Es hat sich gezeigt, dass der in vielen fondsgebundenen Verträgen vereinbarte Todesfallschutz oft unzureichend ist. Experten raten daher dazu, die Absicherung für den Todesfall klar von der Geldanlage zu trennen. Dies lässt sich beispielsweise realisieren, indem Sie ein Wertpapierdepot mit kostengünstigen Indexfonds eröffnen und parallel dazu eine separate Risikolebensversicherung abschließen. Diese Trennung bietet in der Regel mehr Flexibilität, höhere Transparenz und eine bessere Kostenkontrolle, was für Ihre finanzielle Planung von großem Vorteil sein kann.
Die Bafin kritisiert hohe Effektivkosten und verdeckte Provisionen
Die Bundesanstalt für Finanzdienstleistungsaufsicht (Bafin) hat in einer Studie aus dem Jahr 2021 die Effektivkosten fondsgebundener Lebensversicherungen genau unter die Lupe genommen und dabei alarmierende Ergebnisse festgestellt. Die sogenannten Effektivkosten umfassen nicht nur Verwaltungsgebühren, sondern auch Abschluss-, Vertriebs- und Fondskosten, die oft intransparent im Vertrag verankert sind. Die Analyse ergab, dass viele dieser Produkte schlichtweg zu teuer sind.

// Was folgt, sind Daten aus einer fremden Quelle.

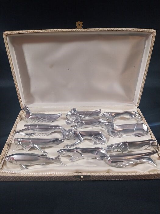 Doos met 12 zilverkleurige metalen messenhouders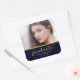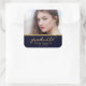 Cet autocollant chic carré de graduation présente le mot "Graduate" dans un script élégant en faux feuille d'or contre un arrière - plan bleu foncé avec une fausse ligne d'or. Utilisez-le pour sceller vos enveloppes, sacs de faveur ou pour la décoration. Consultez les éléments de graduation correspondants ici https://www.zazzle.com/collections/119637323833384053?rf=238364477188679314 Personnalisez-le en remplaçant le texte de l'espace réservé et remplacez l'exemple/l'espace réservé photo par votre propre photo. Pour plus d'options comme changer la police et sa taille/couleur ou l'espacement entre les lettres cliquez sur le bouton "Personnaliser". *Veuillez noter que le filigrane Zazzle qui apparaît dans l'aperçu du zoom n'apparaîtra PAS sur le produit imprimé final. © Bois de rose et agrumes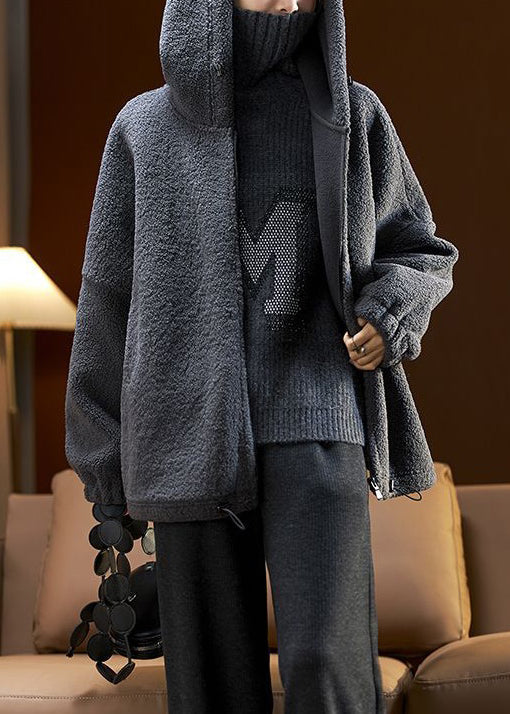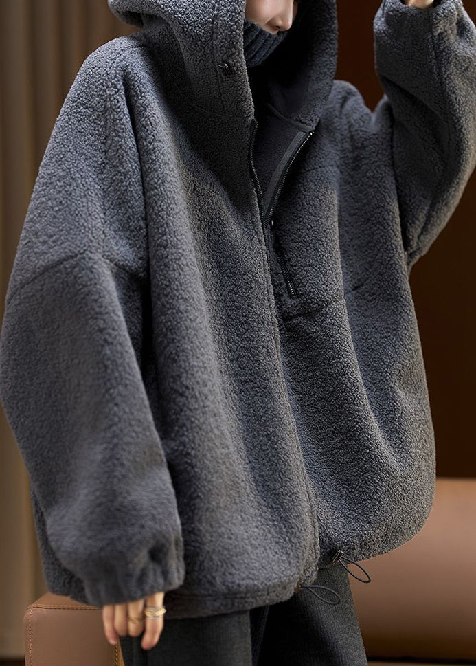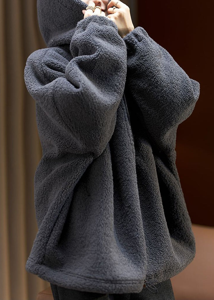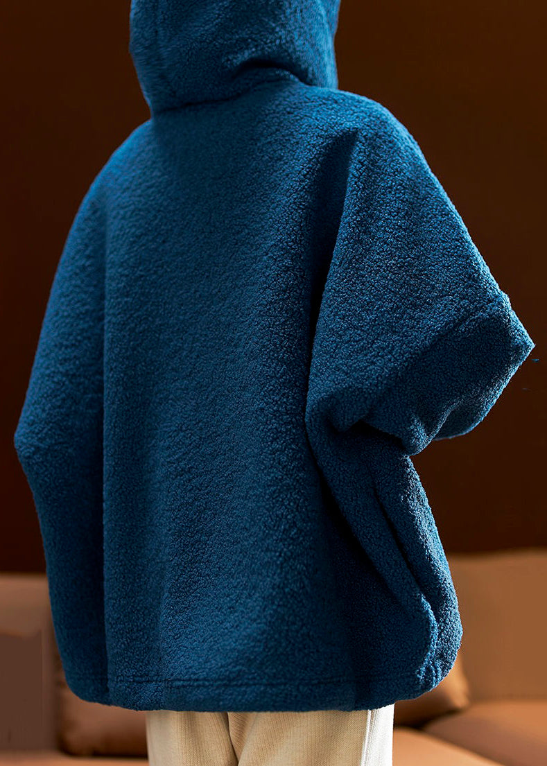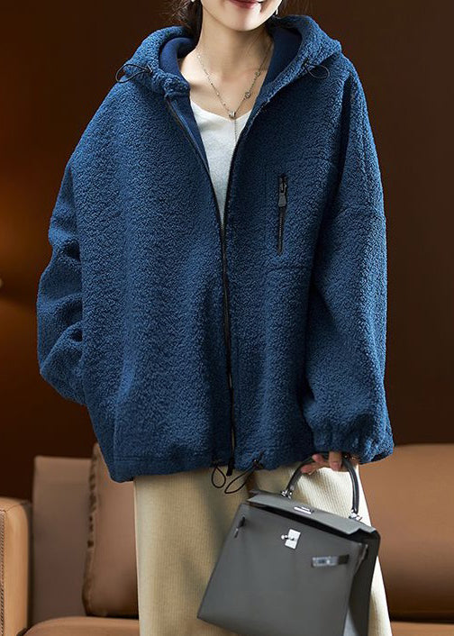 Simple Blue Hooded Pockets Drawstring Teddy Faux Fur Coats Long Sleeve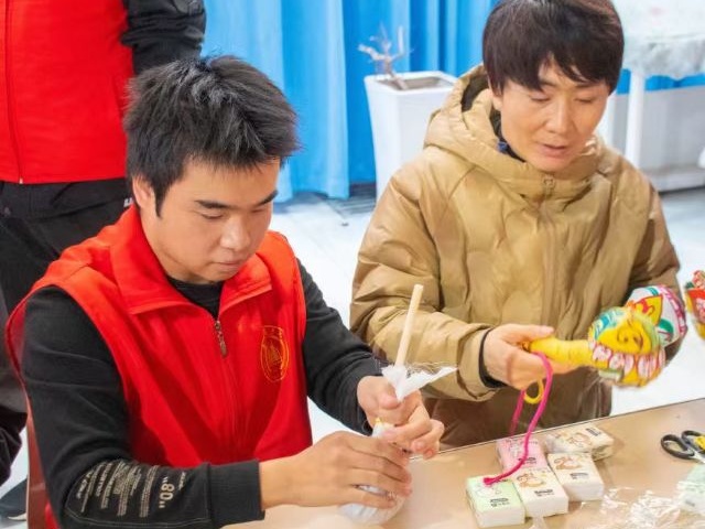 作为整场活动的核心承载——“欢乐小闹市”,以“关怀为底,乐趣为核”,将空间划分为沉浸式体验区与动感游戏互动区,让这片小天地既成为手作温情的传递场,也化作笑声与活力的聚集地。在沉浸式体验区,“古法艾草锤DIY”摊位无疑是人气焦点。志愿者化身“手作向导”,以温柔耐心的姿态全程陪伴参与者:先捧出提前晾晒至干爽的陈艾,指尖轻拨理顺艾草纤维,接着递上绵软透气的医用纱布,演示如何均匀装填、轻压塑形,确保艾草不松垮、不散漏手把手教大家将纱布艾草包裹进彩布,当一个个饱满圆润的艾草锤在手中成型,指尖触到彩布的柔软、木棍的温润,鼻尖萦绕着陈艾清苦又安心的天然香气。轻轻敲击肩颈时的酸胀消解,与完成创作的成就感交织在一起,让动手的乐趣不再是刻意营造,而是顺着指尖的动作、鼻尖的香气,自然漫进心里。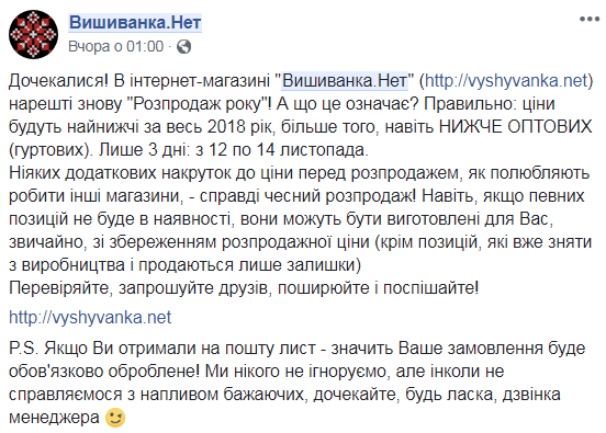 Распродажа у хорошего проверенного производителя. Качественный товар. Отшивают после акции долго, но можно накупить вышиванок просто за копейки!
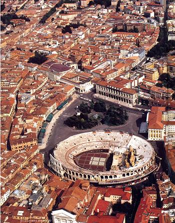 The Arena is the main attraction of Verona and one of the largest amphitheaters ever built by the Romans. The arena was built in the 1st century for gladiatorial combat. The elliptical shape is designed to accommodate a large number of spectators and had good acoustics (the amphitheater accommodated about 30,000 people). The arena was built outside the walls of the Roman city to avoid the crowds in its center. Most of the outer ring of the amphitheater was damaged during the earthquake of 1117, but the inner part is well preserved. Also, the outer ring was destroyed in the 5-6 century to build a second city wall. During the Renaissance, the Arena was dismantled for the construction of new buildings. In the Middle Ages there were numerous benches. Now summer opera seasons are held here.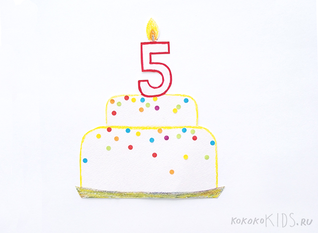 На плотной бумаге нарисуйте торт со свечкой в форме цифры или же с отдельными свечками соответствующего количества.

Teilweise verlangen die Versicherer Effektivkosten von über 4 Prozent pro Jahr. Um dies zu veranschaulichen: Bei einer bereits angesparten Summe von 30.000 Euro bedeuten 4 Prozent Effektivkosten jährliche Abzüge von 1.200 Euro. Werden keine entsprechend hohen Renditen erwirtschaftet, fressen diese Kosten im schlimmsten Fall einen erheblichen Teil Ihres Ersparten auf oder führen sogar zu einem Kapitalverlust. Dies untergräbt den eigentlich angestrebten Vermögensaufbau erheblich und macht die fondsgebundene Lebensversicherung zu einer suboptimalen Anlageform für viele Sparer.
Ein weiterer scharfer Kritikpunkt der Bafin sind die hohen Rückvergütungen (Kickbacks), die Fondsgesellschaften an Versicherer und Vermittler zahlen. Dieses System funktioniert folgendermaßen: Sie als Kunde zahlen jährlich Gebühren an die Fondsgesellschaft für die Verwaltung Ihrer Investmentfonds – diese belaufen sich typischerweise auf etwa 1,5 bis 2 Prozent des angelegten Vermögens. Ein signifikanter Teil dieser Gebühren fließt jedoch oft an die Versicherer und deren Vertriebspartner zurück. Erschreckend ist, dass diese Rückvergütungen nur bei einem Viertel der Produkte vollständig beim Versicherten ankommen. In 20 Prozent der Verträge werden die Kunden überhaupt nicht an diesen Rückflüssen beteiligt. Im Klartext bedeutet das: Sie finanzieren mit Ihrem eigenen Geld die Provisionen und Rückvergütungen der Versicherungsgesellschaften und Vermittler, ohne selbst davon zu profitieren.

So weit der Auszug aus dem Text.